И все же это не вполне замкнутый круг: в 1970-е годы Бернард Броди59 указал выход из это тупика в связи с доктриной взаимно гарантированного уничтожения (MAD60):
«Странный парадокс нашего времени заключается в том, что один из важнейших факторов, который заставляет [ядерное] сдерживание работать настолько хорошо и эффективно, — это страх, что в случае по-настоящему серьезного кризиса оно может не сработать. В таких обстоятельствах с судьбой не играют. Если мы были бы совершенно уверены, что ядерное сдерживание на сто процентов защитит нас от ядерного нападения, его сдерживающая способность в отношении обычных средств ведения войны упала бы до нуля»22.
Парадокс определен очень точно: стратегия ядерного сдерживания работает не потому, что она совершенна. а благодаря ее несовершенству. Иначе говоря, совершенная стратегия (если одна сторона нанесет ядерный удар по другой, та автоматически ответит, и таким образом обе стороны будут уничтожены) несет в себе роковую ошибку: что если атакующая сторона рассчитывает на то, что даже после первого удара противник будет вести себя рационально?
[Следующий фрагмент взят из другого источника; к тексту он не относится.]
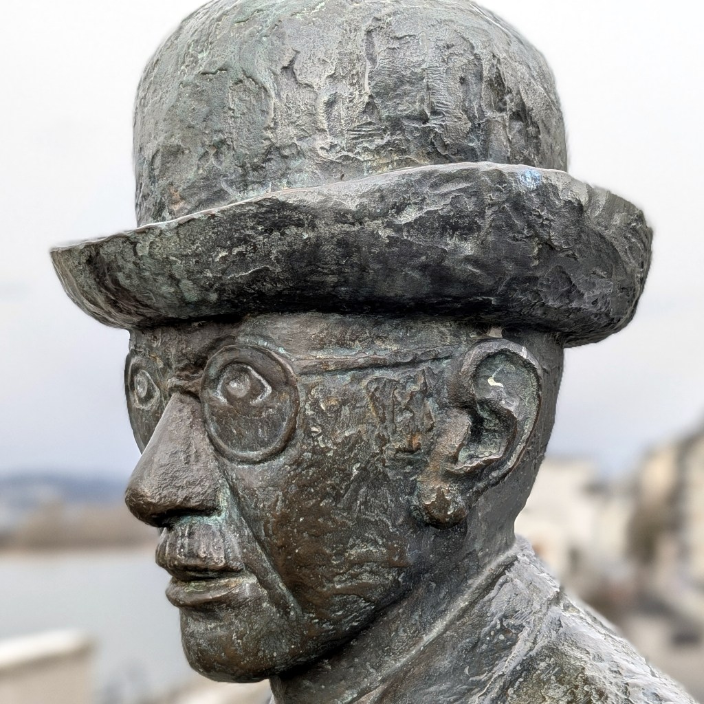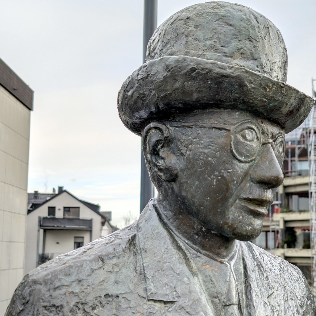 Mein Spaziergang führte mich heute in die entgegengesetzte Richtung: an der Feuerwehr und einem Industriegebiet vorbei und am Rhein entlang zurück. Auf dem Rückweg kehrte ich wieder in das Bäckerei-Café ein, trank einen großen Café Crema, aß einen Laugenkürbisring (vermutlich vom Montag) und las in dem Nachrichtenmagazin „Hintergrund“.

Он может оказаться перед выбором: когда страна почти уничтожена, можно нанести ответный удар, и это приведет к полной катастрофе, к гибели человечества, а можно НЕ НАНОСИТЬ ОТВЕТНЫЙ УДАР, позволив тем самым выжить человечеству и в отдаленной перспективе возродить свою страну? Рациональным было бы второе решение…
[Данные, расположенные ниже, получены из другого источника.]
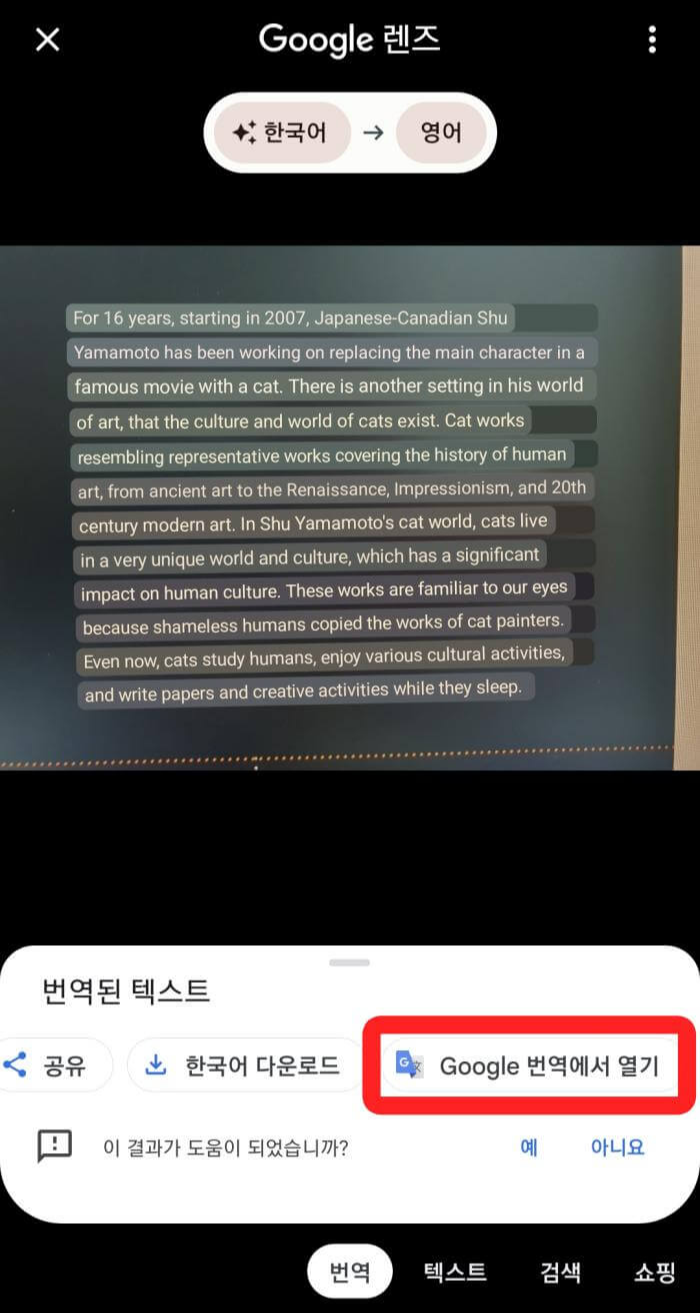 7. [구글 번역에서 열기]를 하면 원하는 언어를 선택해 번역까지 가능합니다.

Что делает эту стратегию эффективной, так это тот факт, что мы никогда не можем быть уверены в ее совершенстве: что если ситуация выйдет из-под контроля в силу ряда легко вообразимых причин (от «иррациональной» агрессивности одной из сторон до простого технологического сбоя или недоразумения)? Благодаря этой постоянной угрозе обе стороны настолько страшатся перспективы взаимно гарантированного уничтожение, что избегают даже воины с применением обычного вооружения, если бы стратегия была совершенной, она, напротив, поощряла бы такие настроения: «Давай развяжем в полном масштабе обычную войну, поскольку мы оба знаем, что ни один из нас не возьмется за ядерное оружие!» Поэтому эффективность доктрины MAD объясняется не тем, что «если мы будем ее придерживаться, ядерная катастрофа не произойдет», но тем, что «если мы будем ее придерживаться, ядерная катастрофа не произойдет в ожидании (expect for) какого-нибудь непредвиденного инцидента». То же самое относится и к сегодняшней перспективе экологической катастрофы: если мы ничего не предпримем, она произойдет, а если мы сделаем все, что в наших силах, она не произойдет в ожидании какого-нибудь непредвиденного случая.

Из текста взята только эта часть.